Have tuplesort_gettupleslot() copy tuple contents for slot into caller's
memory context in all cases. This necessitates an extra copy on 9.5 and
9.6, though only for cases where an explicit copy was not already
required (mostly just TSS_SORTEDONTAPE fetches, though all
TSS_FINALMERGE fetches on 9.5). Do the same for tuplesort_getdatum().
This fixes a crash that can occur on at least 9.5 and 9.6, where some
grouping sets queries may call tuplesort_end() at node shutdown time,
and free tuple memory that the executor/a tuple slot imagines it is
responsible for.
In the case of all other fetch routines, continue to allocate the memory
in the tuplesort-owned context (only change comments).

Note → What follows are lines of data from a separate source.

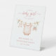 Accueillez vos invités avec charme en utilisant cette petite cloche de garde d'enfants signe de piédestal d'accueil. Le design comprend des articles pour bébé d'aquarelle douce (rougissant rose, de minuscules chaussettes et un lapin peluché) accrochés à une corde en jute aux accents d'eucalyptus. Placé sur un arrière - plan blanc propre aux tons pastel délicats, il apporte une touche chaleureuse et moderne à toute douche pour bébé.
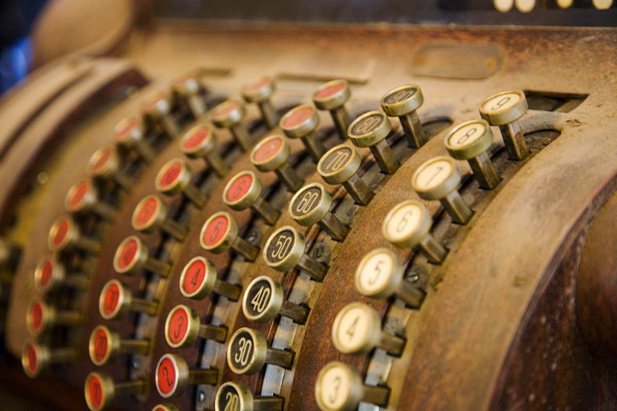 En gammal kassaapparat från början av 1900-talet. På detta foto kan associeras till: kassapparat, kassa, knappar, betala, affär.
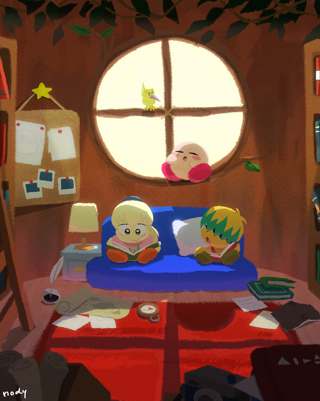 :o artist_name bird blonde_hair blush blush_stickers book bookshelf box brother_and_sister bulletin_board bun_(kirby) camera cardboard_box closed_eyes closed_mouth commentary_request compass couch desk_lamp fumu_(kirby) green_eyes green_hair hair_over_eyes highres holding holding_book indoors inkwell kirby kirby:_right_back_at_ya! kirby_(series) ladder lamp leaf long_hair map multicolored_hair nintendo nody_(nody_lowmoo) on_couch open_book open_mouth paper photo_(object) pillow plant quill reading round_window rug scroll shadow short_hair siblings sitting sleeping smile star_(symbol) table tokkori_(kirby) vines window
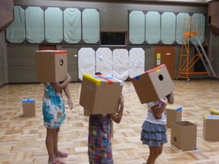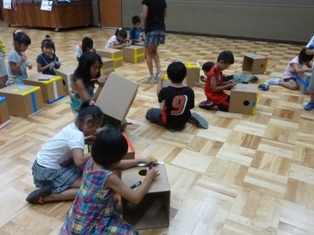 段ボールカホンで音楽と工作を楽しみ、休み時間には、それを使って鬼ごっこを楽しみ、子供たちの笑い声がいっぱい聞こえました。
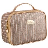 Stylowa kosmetyczka z czarnego materiału pokrytego drobnym, połyskującym brokatem. Uchwyt i lamówka w kolorze różowego złota podkreśla elegancki wygląd. Detale takie jak okrągłe, metalowe zawieszki ozdobne w złotym kolorze nadają produktowi luksusowy charakter.
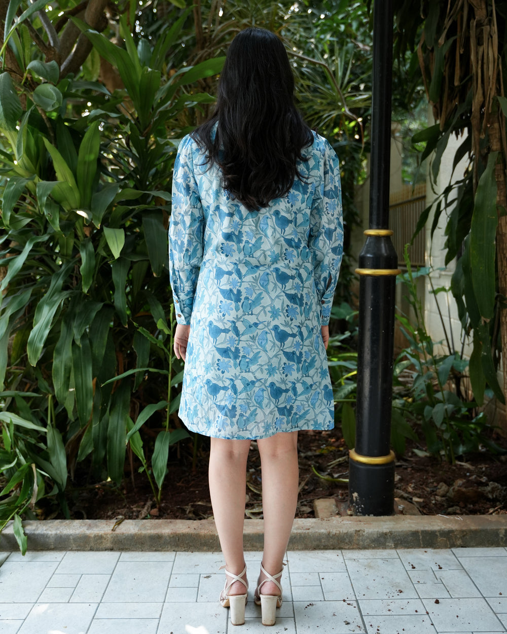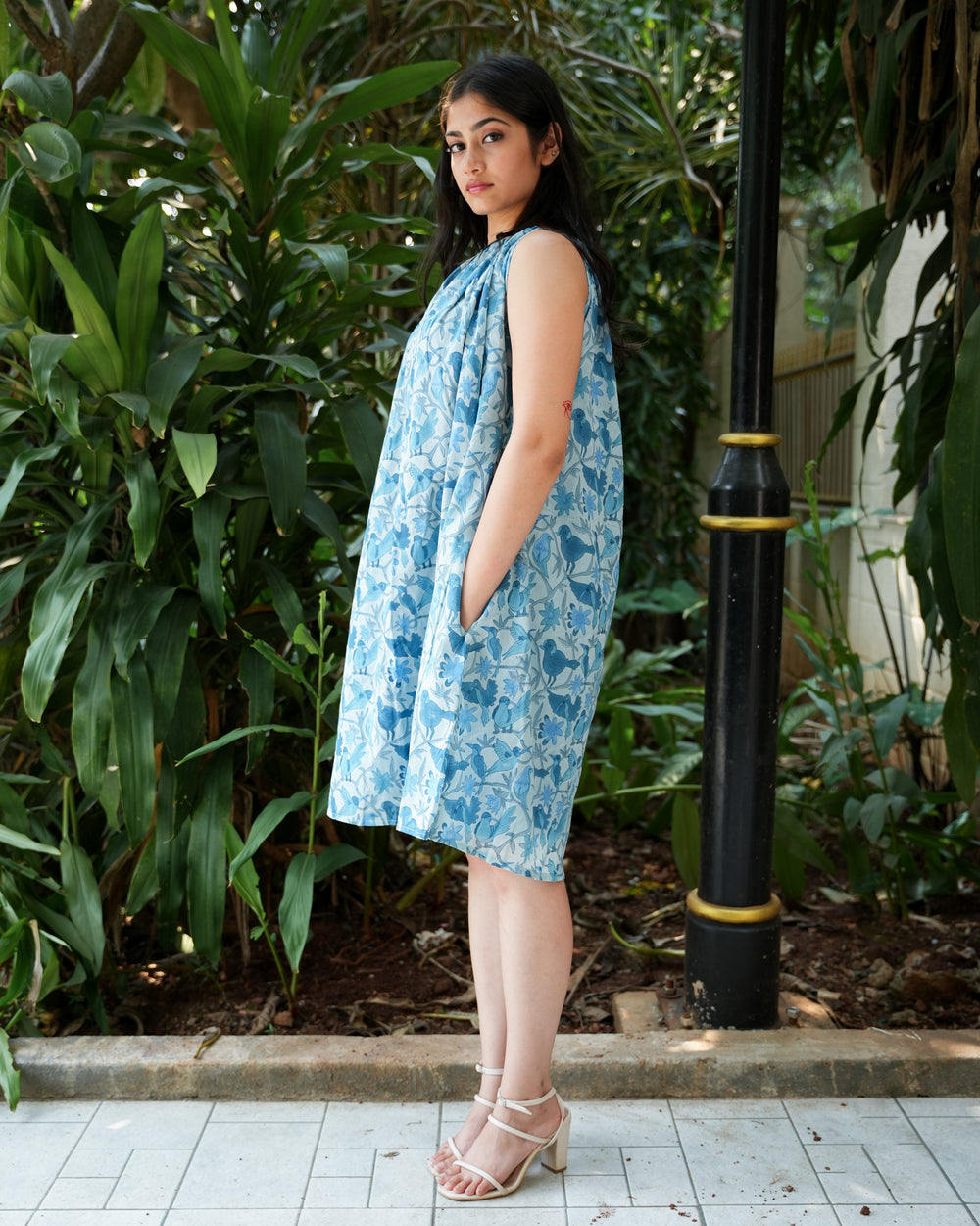 Introducing the Bird Print Dress in Soft Cotton, a perfect addition to your wardrobe. Crafted from soft cotton, this dress features a unique bird print and is available with both sleeve and sleeveless options. Plus, a side pocket adds a functional touch.
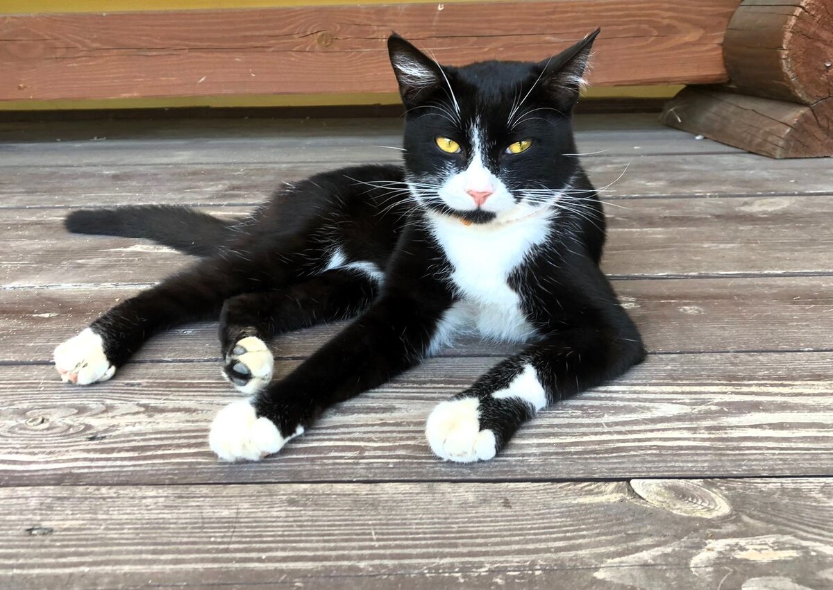 Он поселился у нас на террасе, мяукал и просился в дом, мне было его очень жалко, но я всем сказала не прикармливать его, тогда он сам уйдет. Но кот никуда не собирался уходить, он терпеливо ждал, что его наконец покормят и смотрел на меня голодным глазами. Я выдержала ровно сутки, потом покормила кота.
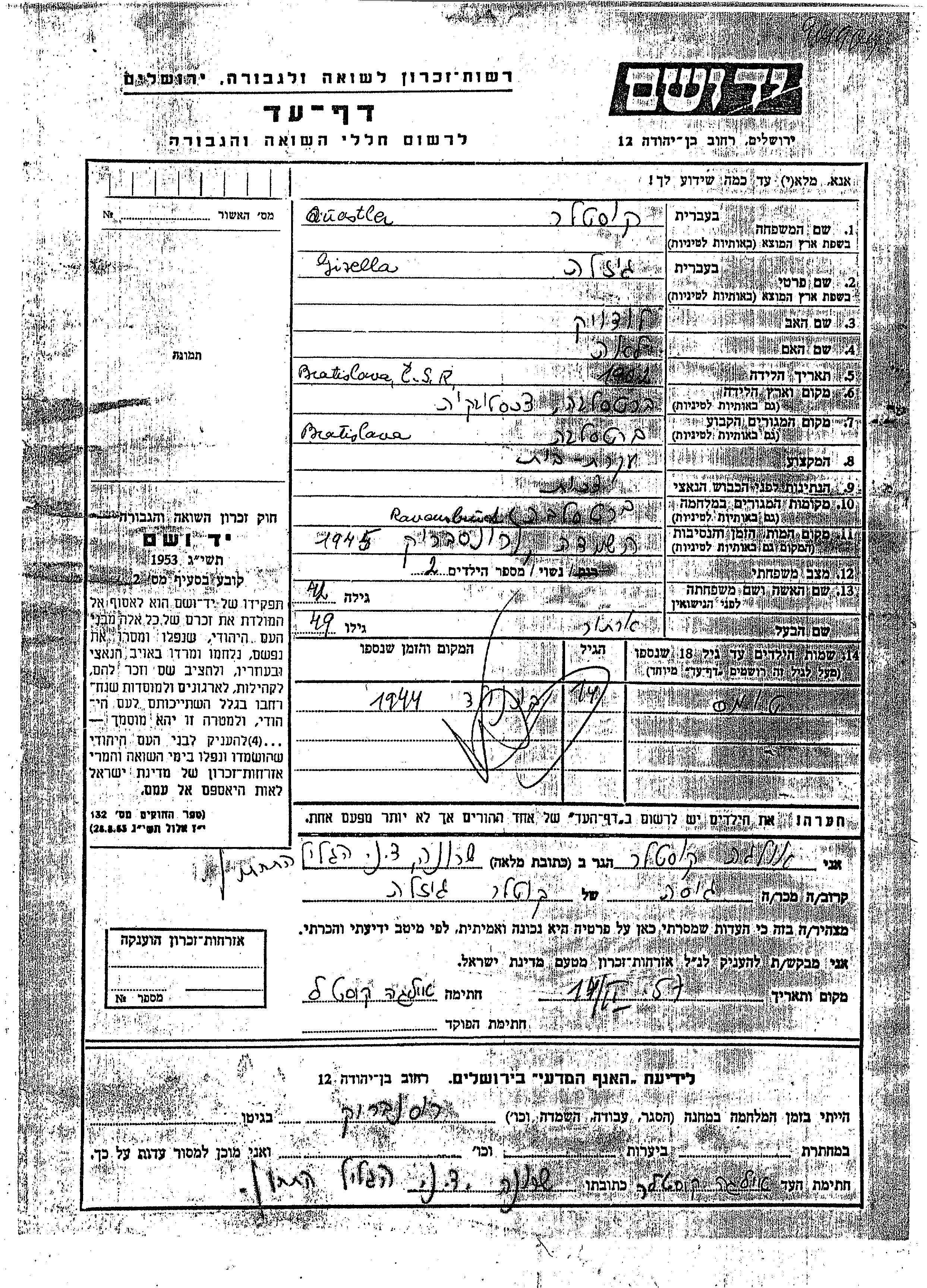 Yad Vashem - Pages of Testimony Names Memorial Collection

This is a little
inconsistent with what we now do for tuplesort_gettupleslot() and
tuplesort_getdatum(), but that's preferable to adding new copy overhead
in the backbranches where it's clearly unnecessary. These other fetch
routines provide the weakest possible guarantees about tuple memory
lifespan from v10 on, anyway, so this actually seems more consistent
overall.
In passing, change the memory context switch point within
tuplesort_getdatum() to matchtuplesort_gettupleslot(), so that we
actually allocate memory in the right context there (caller's context),
which seems like an independent bug. It's not clear that this can cause
a crash, but it's still wrong.
Only the latter, less important fix is required on v10 and master,
because in v10 there is already no question of not having to make a copy
in caller's context anyway (see commits e94568ec and 3856cf96).
Author: Peter Geoghegan
Reported-By: Bernd Helmle
Analyzed-By: Peter Geoghegan, Andreas Seltenreich, Bernd Helmle
Discussion: https://www.postgresql.org/message-id/1512661638.9720.34.camel@oopsware.de
Backpatch: 9.5-, where the issue is known to cause a crash.
---
src/backend/utils/adt/orderedsetaggs.c | 21 +++++------
src/backend/utils/sort/tuplesort.c | 68 +++++++++++++++++++++++++++++-----
2 files changed, 67 insertions(+), 22 deletions(-)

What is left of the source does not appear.